- Input for this task -
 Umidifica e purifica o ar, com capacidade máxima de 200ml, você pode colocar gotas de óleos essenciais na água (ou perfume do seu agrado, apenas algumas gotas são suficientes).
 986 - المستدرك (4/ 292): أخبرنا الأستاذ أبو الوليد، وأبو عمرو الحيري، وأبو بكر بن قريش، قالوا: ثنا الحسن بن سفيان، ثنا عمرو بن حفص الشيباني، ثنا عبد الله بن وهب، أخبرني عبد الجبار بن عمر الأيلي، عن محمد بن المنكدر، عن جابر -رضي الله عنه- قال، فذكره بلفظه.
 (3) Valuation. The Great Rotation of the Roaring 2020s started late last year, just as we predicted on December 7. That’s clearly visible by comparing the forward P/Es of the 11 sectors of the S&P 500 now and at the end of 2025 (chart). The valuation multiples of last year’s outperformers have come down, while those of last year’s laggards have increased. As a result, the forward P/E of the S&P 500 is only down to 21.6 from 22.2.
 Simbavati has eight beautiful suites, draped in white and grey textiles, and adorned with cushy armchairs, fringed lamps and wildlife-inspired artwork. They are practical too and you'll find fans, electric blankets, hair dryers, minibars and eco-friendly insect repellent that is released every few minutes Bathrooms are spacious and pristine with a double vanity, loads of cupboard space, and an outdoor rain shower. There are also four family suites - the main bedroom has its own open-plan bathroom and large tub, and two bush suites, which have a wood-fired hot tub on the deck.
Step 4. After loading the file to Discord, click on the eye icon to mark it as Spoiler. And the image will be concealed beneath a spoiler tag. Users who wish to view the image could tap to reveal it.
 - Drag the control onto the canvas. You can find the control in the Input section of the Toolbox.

==

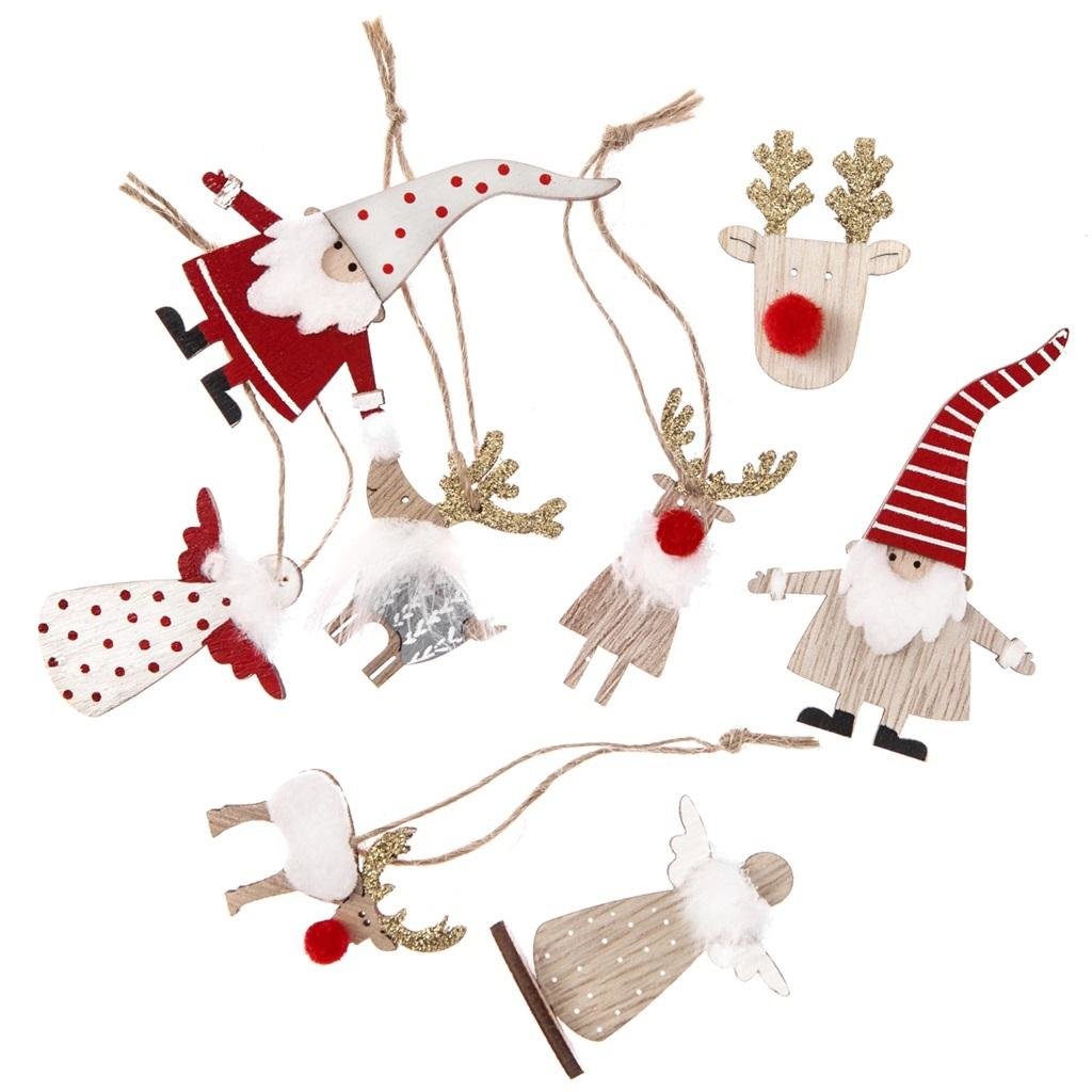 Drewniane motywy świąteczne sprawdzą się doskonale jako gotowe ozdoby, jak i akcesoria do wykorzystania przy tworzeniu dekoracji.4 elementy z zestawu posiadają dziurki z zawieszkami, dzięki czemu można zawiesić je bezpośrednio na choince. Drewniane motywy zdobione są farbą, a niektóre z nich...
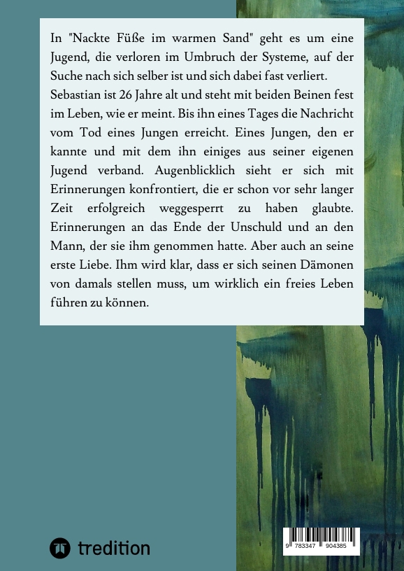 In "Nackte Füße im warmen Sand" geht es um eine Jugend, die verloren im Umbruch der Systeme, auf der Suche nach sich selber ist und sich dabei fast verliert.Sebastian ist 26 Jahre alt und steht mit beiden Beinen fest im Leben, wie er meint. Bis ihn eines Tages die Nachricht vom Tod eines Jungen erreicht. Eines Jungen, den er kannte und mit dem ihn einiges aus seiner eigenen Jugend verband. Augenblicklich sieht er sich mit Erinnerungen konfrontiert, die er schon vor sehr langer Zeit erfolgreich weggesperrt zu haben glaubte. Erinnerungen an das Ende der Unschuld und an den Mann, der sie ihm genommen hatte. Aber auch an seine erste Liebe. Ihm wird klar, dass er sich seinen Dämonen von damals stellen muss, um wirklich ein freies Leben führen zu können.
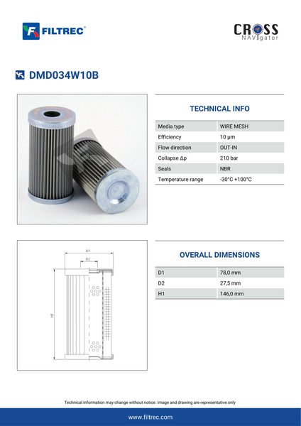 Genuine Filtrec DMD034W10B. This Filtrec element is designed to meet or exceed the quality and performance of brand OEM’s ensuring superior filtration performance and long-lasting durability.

- What is required -
Produce only the lines from the line containing "Umidifica e purifica" through the line containing "(3) Valuation. The", inclusive of both, exactly as they stand in the entries above.

- Response area -
 Umidifica e purifica o ar, com capacidade máxima de 200ml, você pode colocar gotas de óleos essenciais na água (ou perfume do seu agrado, apenas algumas gotas são suficientes).
 986 - المستدرك (4/ 292): أخبرنا الأستاذ أبو الوليد، وأبو عمرو الحيري، وأبو بكر بن قريش، قالوا: ثنا الحسن بن سفيان، ثنا عمرو بن حفص الشيباني، ثنا عبد الله بن وهب، أخبرني عبد الجبار بن عمر الأيلي، عن محمد بن المنكدر، عن جابر -رضي الله عنه- قال، فذكره بلفظه.
 (3) Valuation. The Great Rotation of the Roaring 2020s started late last year, just as we predicted on December 7. That’s clearly visible by comparing the forward P/Es of the 11 sectors of the S&P 500 now and at the end of 2025 (chart). The valuation multiples of last year’s outperformers have come down, while those of last year’s laggards have increased. As a result, the forward P/E of the S&P 500 is only down to 21.6 from 22.2.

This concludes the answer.